Normally, when you have a pipelined function - the estimated cardinality is computed based on your blocksize - the default number of rows that will come from it are based on your database block size. I have an 8k block size so....
.
ops$tkyte%ORA11GR2> create or replace type str2tblType
as table of varchar2(30);
2 /
Type created.
ops$tkyte%ORA11GR2> create or replace
2 function str2tbl( p_str in varchar2, p_delim in varchar2 default ',' )
3 return str2tblType
4 PIPELINED
5 as
6 l_str long default p_str || p_delim;
7 l_n number;
8 begin
9 loop
10 l_n := instr( l_str, p_delim );
11 exit when (nvl(l_n,0) = 0);
12 pipe row ( ltrim(rtrim(substr(l_str,1,l_n-1))) );
13 l_str := substr( l_str, l_n+1 );
14 end loop;
15 return;
16 end;
17 /
Function created.
ops$tkyte%ORA11GR2> column plan_table_output format a80 truncate
ops$tkyte%ORA11GR2> variable in_list varchar2(255)
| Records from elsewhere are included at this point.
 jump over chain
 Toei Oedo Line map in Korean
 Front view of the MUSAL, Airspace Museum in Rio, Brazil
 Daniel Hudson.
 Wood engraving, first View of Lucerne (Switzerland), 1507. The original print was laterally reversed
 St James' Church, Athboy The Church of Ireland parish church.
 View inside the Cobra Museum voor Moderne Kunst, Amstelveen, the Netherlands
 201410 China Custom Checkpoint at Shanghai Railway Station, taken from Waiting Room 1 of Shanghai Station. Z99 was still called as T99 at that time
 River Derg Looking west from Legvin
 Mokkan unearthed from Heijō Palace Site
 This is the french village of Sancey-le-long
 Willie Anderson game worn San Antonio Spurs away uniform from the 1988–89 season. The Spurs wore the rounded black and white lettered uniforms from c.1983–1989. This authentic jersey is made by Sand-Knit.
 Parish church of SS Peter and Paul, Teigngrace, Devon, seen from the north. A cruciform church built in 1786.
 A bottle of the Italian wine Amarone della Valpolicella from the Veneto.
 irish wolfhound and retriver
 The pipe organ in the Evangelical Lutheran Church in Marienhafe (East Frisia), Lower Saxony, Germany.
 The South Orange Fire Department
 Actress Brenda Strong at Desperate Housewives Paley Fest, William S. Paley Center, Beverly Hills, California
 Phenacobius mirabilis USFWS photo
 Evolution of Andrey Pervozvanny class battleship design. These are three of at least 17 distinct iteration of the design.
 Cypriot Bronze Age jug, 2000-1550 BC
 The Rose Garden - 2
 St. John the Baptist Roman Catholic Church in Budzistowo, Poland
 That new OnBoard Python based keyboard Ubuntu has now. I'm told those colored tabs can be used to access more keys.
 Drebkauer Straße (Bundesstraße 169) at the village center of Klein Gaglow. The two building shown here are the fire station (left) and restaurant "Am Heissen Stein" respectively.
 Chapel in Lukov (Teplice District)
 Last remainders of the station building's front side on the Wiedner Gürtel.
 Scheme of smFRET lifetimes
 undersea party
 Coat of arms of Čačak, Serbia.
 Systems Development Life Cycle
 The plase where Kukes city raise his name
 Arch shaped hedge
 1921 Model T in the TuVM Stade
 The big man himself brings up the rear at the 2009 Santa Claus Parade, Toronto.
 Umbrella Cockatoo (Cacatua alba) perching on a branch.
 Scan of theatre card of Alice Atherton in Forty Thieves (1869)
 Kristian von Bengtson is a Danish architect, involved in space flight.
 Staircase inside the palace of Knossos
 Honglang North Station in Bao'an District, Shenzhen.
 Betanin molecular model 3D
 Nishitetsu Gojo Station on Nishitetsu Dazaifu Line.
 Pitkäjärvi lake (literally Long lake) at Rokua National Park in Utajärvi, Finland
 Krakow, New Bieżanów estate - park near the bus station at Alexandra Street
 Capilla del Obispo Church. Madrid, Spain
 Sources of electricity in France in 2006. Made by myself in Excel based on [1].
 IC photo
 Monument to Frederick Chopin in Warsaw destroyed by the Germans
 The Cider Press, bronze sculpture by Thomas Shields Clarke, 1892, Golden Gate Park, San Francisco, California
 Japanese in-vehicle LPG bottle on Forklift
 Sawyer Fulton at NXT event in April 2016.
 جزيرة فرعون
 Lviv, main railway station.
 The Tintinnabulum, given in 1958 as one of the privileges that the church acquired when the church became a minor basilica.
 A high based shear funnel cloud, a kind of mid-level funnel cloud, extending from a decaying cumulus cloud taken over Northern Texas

ops$tkyte%ORA11GR2> exec :in_list := 'DBMS_PIPE,DBMS_OUTPUT,UTL_FILE';
PL/SQL procedure successfully completed.
ops$tkyte%ORA11GR2> set autotrace traceonly explain
ops$tkyte%ORA11GR2> select *
2 from TABLE(cast( str2tbl( :in_list ) as str2tblType) ) t;
Execution Plan
----------------------------------------------------------
Plan hash value: 2407808827
--------------------------------------------------------------------------------
| Id | Operation | Name | Rows | Bytes | Cost (%CPU
--------------------------------------------------------------------------------
| 0 | SELECT STATEMENT | | 8168 | 16336 | 29 (0
| 1 | COLLECTION ITERATOR PICKLER FETCH| STR2TBL | 8168 | 16336 | 29 (0
--------------------------------------------------------------------------------
The optimizer guesses 8168 rows. It all probability - the real number of rows is not anywhere near 8168. If we use this estimated row count in a bigger query - we'll probably end up with the wrong plan (I like to say - wrong card=wrong plan, right card=right plan - where card is cardinality).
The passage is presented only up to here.